Andre Greipel Ridley Noah SL tour de france bike lizard skins bar tape

There are plenty of coloured and patterned bar tapes on the market
(Image credit: chris catchpole)

Most handlebar tapes are made from one of three different materials: cork, leather, ora synthetic material. If you're after a really luxurious feel, then leather or cork are hard to beat, however they are often more expensive than synthetic options. If you're a sucker for white bar tape, then its also worth finding an option (usually synthetic) that will be easy to clean, as the last thing you want is your sharp white tape turning brown from mud or sweat after only a couple of rides.

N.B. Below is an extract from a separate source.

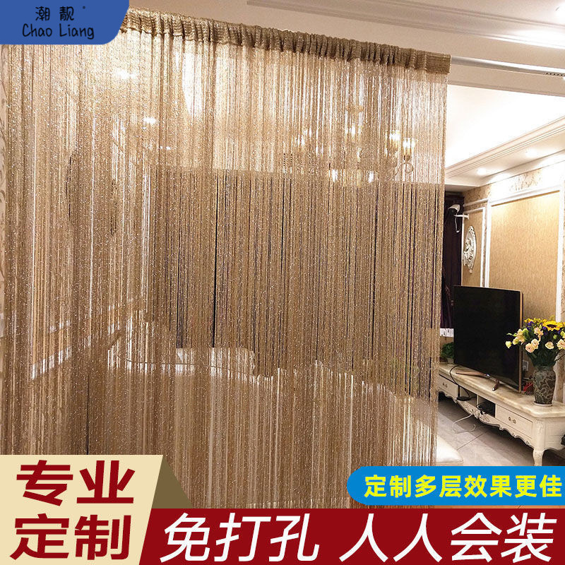 カーテンリビングルームシャンパンカラー玄関装飾パーティションカーテン暗号化ラインカーテンディープドアカーテンシルバーシルク韓国タッセルカーテン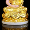 Bộ Tượng Tây Phương Tam Thánh Ngồi, Bột Đá Hồng Dát Vàng, Cao 48cm

Certain members of the cycling community will tell you that your handlebar tape must either match the colour of your saddle, or match the colour of the head tube, or be black, but we say just go for whatever colour catches your eye. There are some very bright options to choose from if you shop around, with companies like Supacaz and Lizard Skins offering some pretty funky patterns too. It's your bike, so do what you want to it.

How do you wrap handlebar tape?

If you're new to wrapping drop bars we'd suggest watching this how to wrap handlebar tape video , which gives plenty of visual help and advice.

However, here are a few useful pointers to make the job go smoothly.

Clean and prep your bars: Unless you're wrapping a new pair of bars you'll want to make sure you've cleaned off any sticky residue left from the old tape. You'll also want to make sure that your cables and hoses are securely and neatly taped, especially if you're not using bars with internal routing.

Be prepared: Don't start wrapping the tape until you're properly set-up for the task ahead. You'll need some sharp scissors at hand, along with some electrical tape. The latter is to replace the finishing strips that came in the box with the tape. Discard these because they aren't very good at securing the bar tape in place.

Always start from the bottom: It might seem obvious but you always wrap tape from the bottom of the drops, finishing on the tops.

Keep up the tension: Once you've started your wrap you'll need to keep an even tension on the tape to ensure a clean and secure wrap. This is when tape choice can help, with some tapes offering more stretch than others.

Watch the gap: As you wrap, always stay alert for any gaps in the tape. Not only is this unsightly and unprofessional it could also lead to a less than secure finish.

Score first, cut second: Before you cut your tape at the finish it's wise to score it first, using the scissors. This way you can check that you're going to cut it in the right direction to give you a clean edge, ready for the electrical tape, which you'll want to wrap tightly to help keep your wrapped bar tape in place. Three wraps of electrical tape should do the trick.